Excluding all pictures, please output the listing exactly.

__Material provided__
══════════

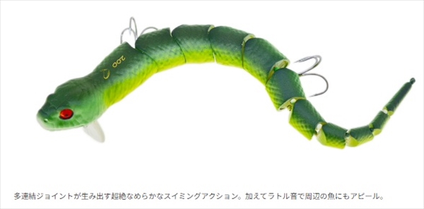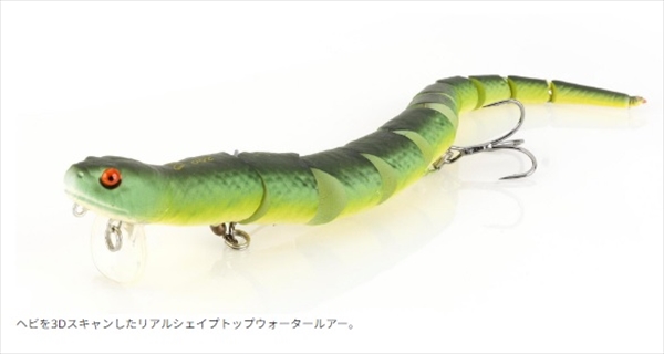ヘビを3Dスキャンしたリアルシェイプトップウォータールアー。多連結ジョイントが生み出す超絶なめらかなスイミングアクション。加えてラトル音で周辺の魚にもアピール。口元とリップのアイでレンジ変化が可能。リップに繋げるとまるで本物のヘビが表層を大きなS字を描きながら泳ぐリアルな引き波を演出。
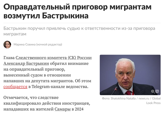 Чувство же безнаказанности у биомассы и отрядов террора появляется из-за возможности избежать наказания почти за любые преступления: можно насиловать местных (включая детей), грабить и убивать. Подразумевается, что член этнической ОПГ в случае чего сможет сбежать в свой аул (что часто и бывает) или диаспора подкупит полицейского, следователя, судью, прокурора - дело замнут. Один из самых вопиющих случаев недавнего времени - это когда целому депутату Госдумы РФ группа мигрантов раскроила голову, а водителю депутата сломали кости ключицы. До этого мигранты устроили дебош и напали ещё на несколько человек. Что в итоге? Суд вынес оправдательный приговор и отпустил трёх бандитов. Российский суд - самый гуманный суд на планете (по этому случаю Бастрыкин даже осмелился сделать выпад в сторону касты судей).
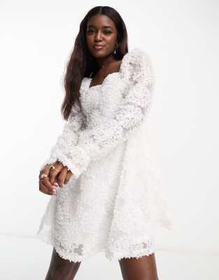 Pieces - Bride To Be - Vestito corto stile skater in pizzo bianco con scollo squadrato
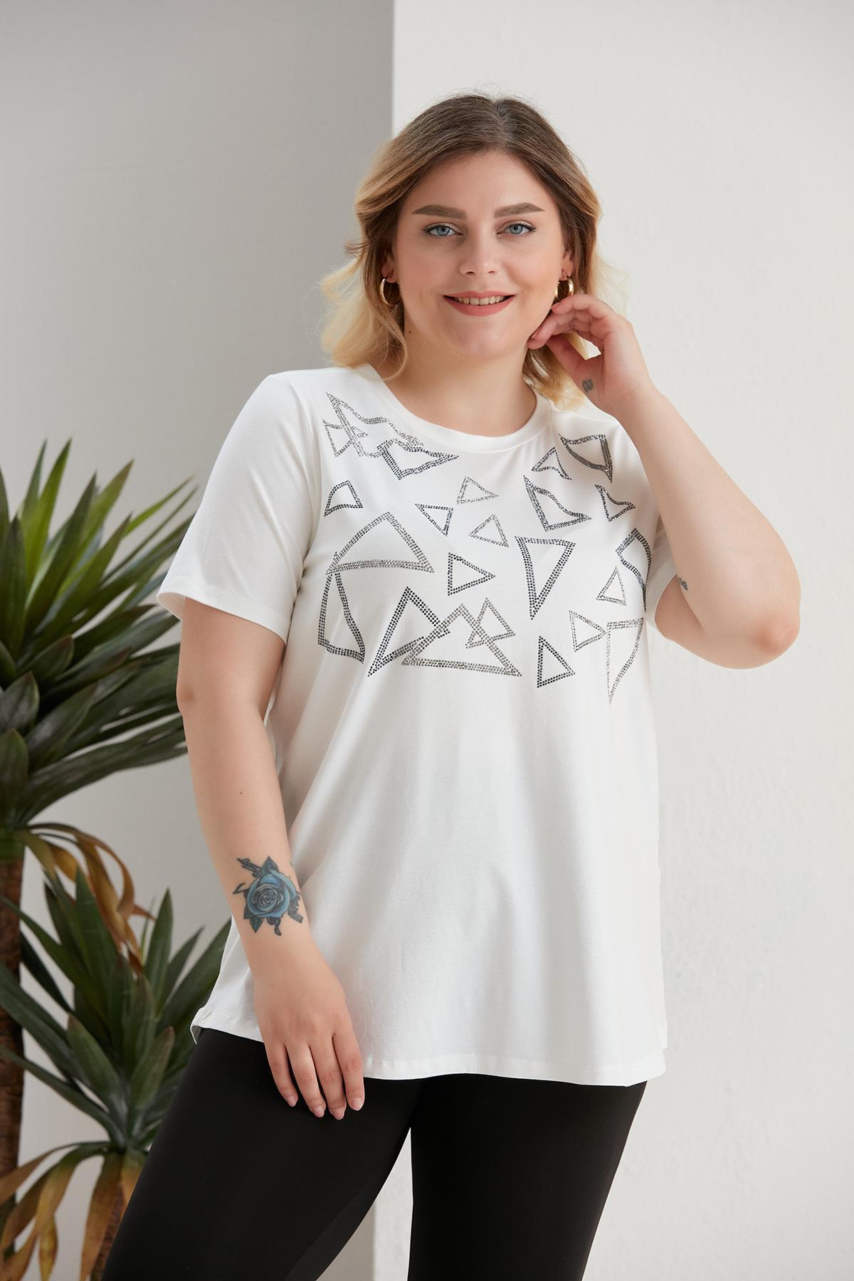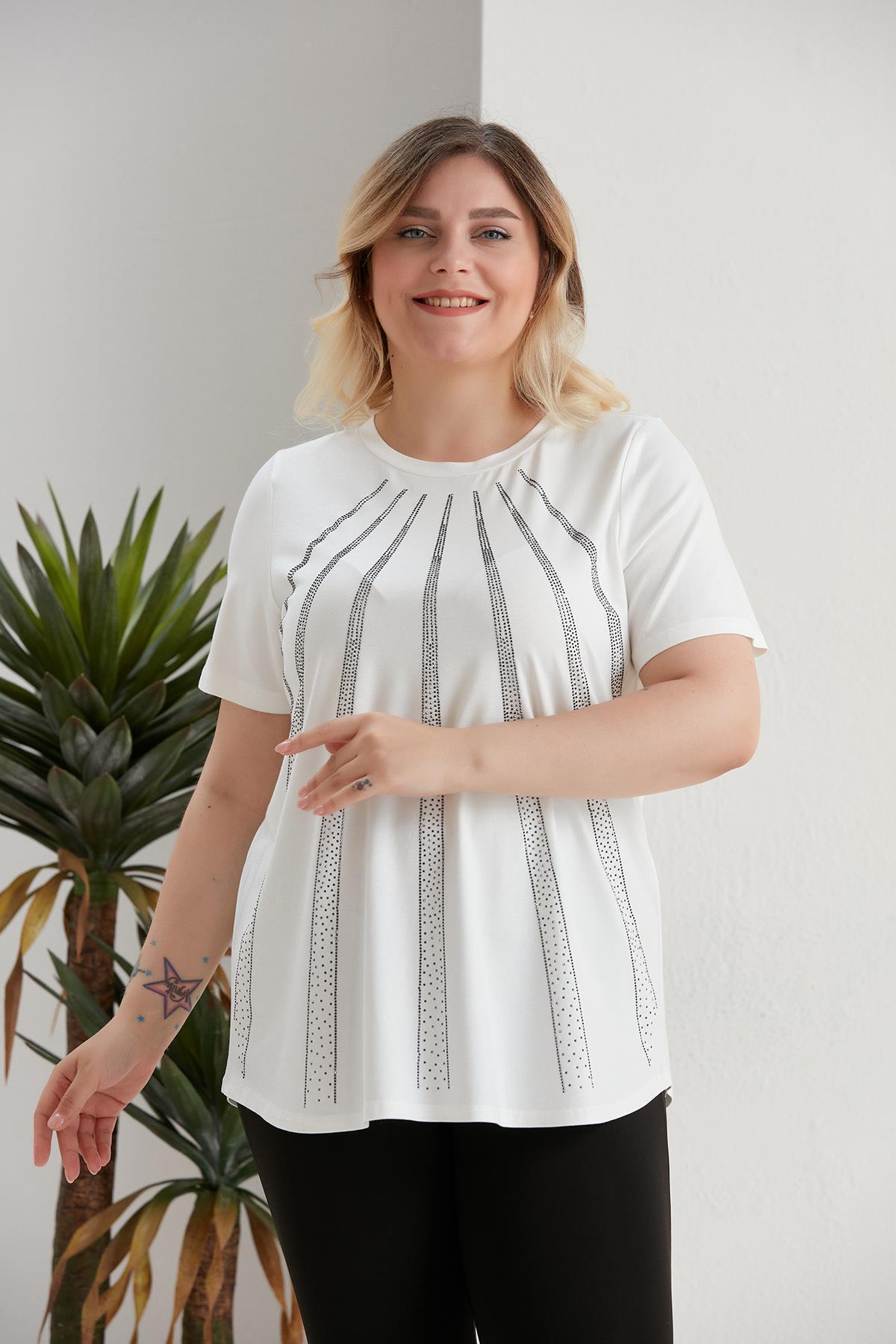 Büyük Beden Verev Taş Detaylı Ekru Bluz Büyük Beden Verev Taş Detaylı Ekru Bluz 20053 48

══════════

__Written solution__
ヘビを3Dスキャンしたリアルシェイプトップウォータールアー。多連結ジョイントが生み出す超絶なめらかなスイミングアクション。加えてラトル音で周辺の魚にもアピール。口元とリップのアイでレンジ変化が可能。リップに繋げるとまるで本物のヘビが表層を大きなS字を描きながら泳ぐリアルな引き波を演出。
 Чувство же безнаказанности у биомассы и отрядов террора появляется из-за возможности избежать наказания почти за любые преступления: можно насиловать местных (включая детей), грабить и убивать. Подразумевается, что член этнической ОПГ в случае чего сможет сбежать в свой аул (что часто и бывает) или диаспора подкупит полицейского, следователя, судью, прокурора - дело замнут. Один из самых вопиющих случаев недавнего времени - это когда целому депутату Госдумы РФ группа мигрантов раскроила голову, а водителю депутата сломали кости ключицы. До этого мигранты устроили дебош и напали ещё на несколько человек. Что в итоге? Суд вынес оправдательный приговор и отпустил трёх бандитов. Российский суд - самый гуманный суд на планете (по этому случаю Бастрыкин даже осмелился сделать выпад в сторону касты судей).
 Pieces - Bride To Be - Vestito corto stile skater in pizzo bianco con scollo squadrato
 Büyük Beden Verev Taş Detaylı Ekru Bluz Büyük Beden Verev Taş Detaylı Ekru Bluz 20053 48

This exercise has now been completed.